**Exercise requirements:** Below are some entries. Transcribe the lines from the one holding "接着,会议讨论计算机科学学院" to the one holding "ROUND GOWN OF", inclusive, but not the pictures among them.

--- Data to process ---

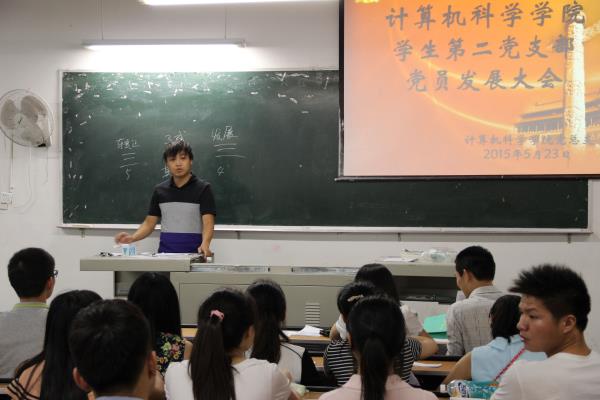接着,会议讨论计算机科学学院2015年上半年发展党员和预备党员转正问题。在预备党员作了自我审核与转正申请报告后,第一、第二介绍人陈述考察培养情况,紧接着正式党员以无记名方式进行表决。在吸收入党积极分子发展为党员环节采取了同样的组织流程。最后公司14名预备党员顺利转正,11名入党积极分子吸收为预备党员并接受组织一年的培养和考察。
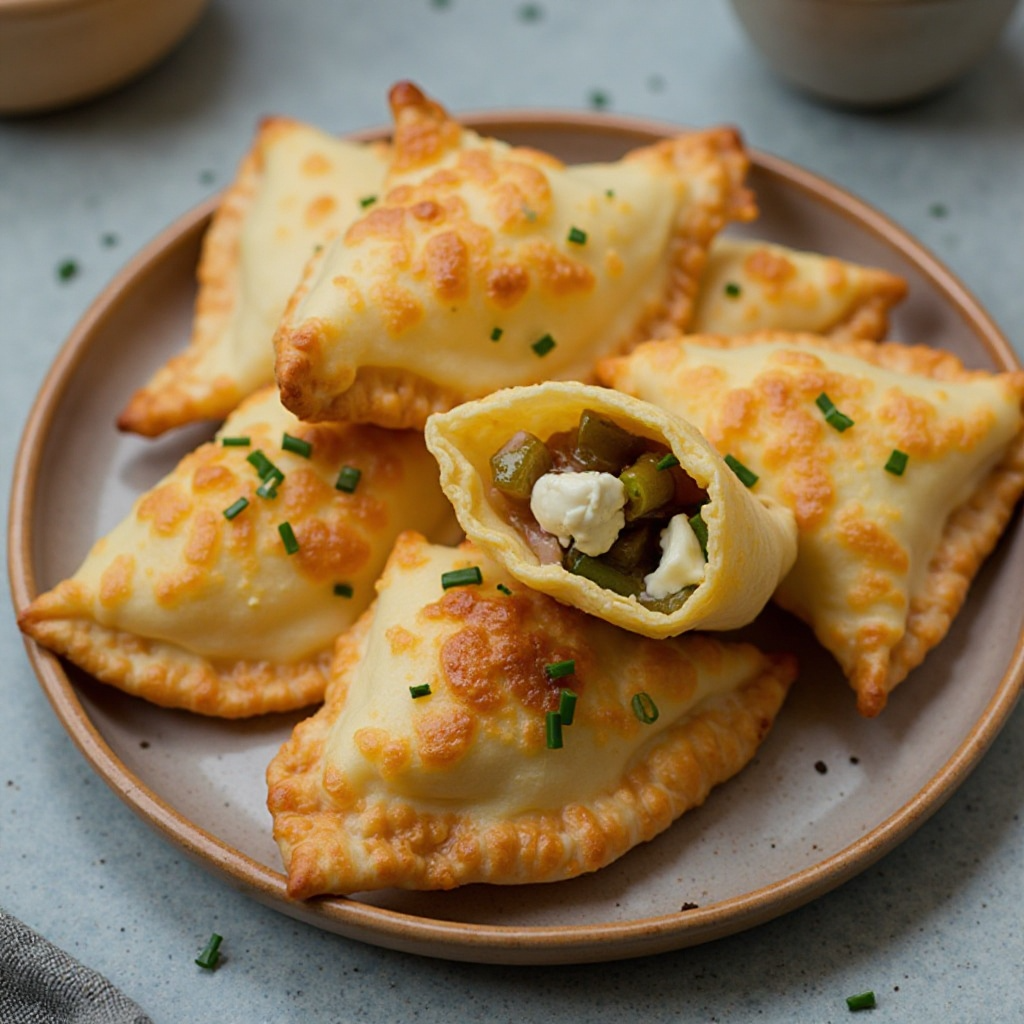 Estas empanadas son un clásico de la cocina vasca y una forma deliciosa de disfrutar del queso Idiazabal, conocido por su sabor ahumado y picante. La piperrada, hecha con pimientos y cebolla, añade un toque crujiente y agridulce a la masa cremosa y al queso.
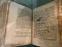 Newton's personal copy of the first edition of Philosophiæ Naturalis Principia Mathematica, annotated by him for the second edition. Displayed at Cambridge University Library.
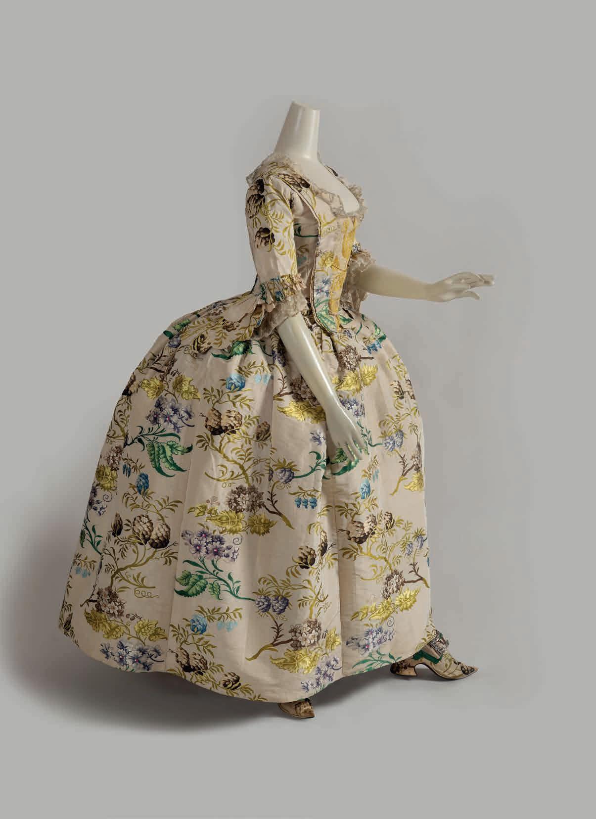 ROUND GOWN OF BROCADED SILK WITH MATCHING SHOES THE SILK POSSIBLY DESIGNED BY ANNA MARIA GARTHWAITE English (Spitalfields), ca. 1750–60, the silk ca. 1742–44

---
--- Data to process ---

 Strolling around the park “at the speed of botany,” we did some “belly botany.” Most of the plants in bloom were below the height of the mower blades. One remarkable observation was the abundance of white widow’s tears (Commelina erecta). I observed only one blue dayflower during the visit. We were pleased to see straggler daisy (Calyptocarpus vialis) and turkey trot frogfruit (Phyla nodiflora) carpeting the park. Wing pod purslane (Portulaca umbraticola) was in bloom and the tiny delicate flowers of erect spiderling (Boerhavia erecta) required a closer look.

---
--- Data to process ---

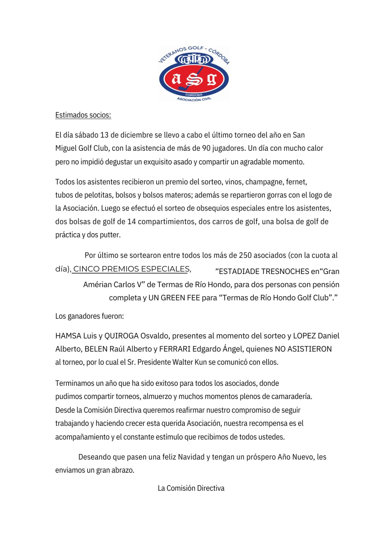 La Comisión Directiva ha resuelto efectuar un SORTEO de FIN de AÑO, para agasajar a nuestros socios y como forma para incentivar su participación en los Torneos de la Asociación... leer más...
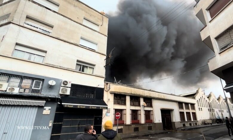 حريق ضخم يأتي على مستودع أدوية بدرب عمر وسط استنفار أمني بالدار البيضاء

---

**Your response:**
接着,会议讨论计算机科学学院2015年上半年发展党员和预备党员转正问题。在预备党员作了自我审核与转正申请报告后,第一、第二介绍人陈述考察培养情况,紧接着正式党员以无记名方式进行表决。在吸收入党积极分子发展为党员环节采取了同样的组织流程。最后公司14名预备党员顺利转正,11名入党积极分子吸收为预备党员并接受组织一年的培养和考察。
 Estas empanadas son un clásico de la cocina vasca y una forma deliciosa de disfrutar del queso Idiazabal, conocido por su sabor ahumado y picante. La piperrada, hecha con pimientos y cebolla, añade un toque crujiente y agridulce a la masa cremosa y al queso.
 Newton's personal copy of the first edition of Philosophiæ Naturalis Principia Mathematica, annotated by him for the second edition. Displayed at Cambridge University Library.
 ROUND GOWN OF BROCADED SILK WITH MATCHING SHOES THE SILK POSSIBLY DESIGNED BY ANNA MARIA GARTHWAITE English (Spitalfields), ca. 1750–60, the silk ca. 1742–44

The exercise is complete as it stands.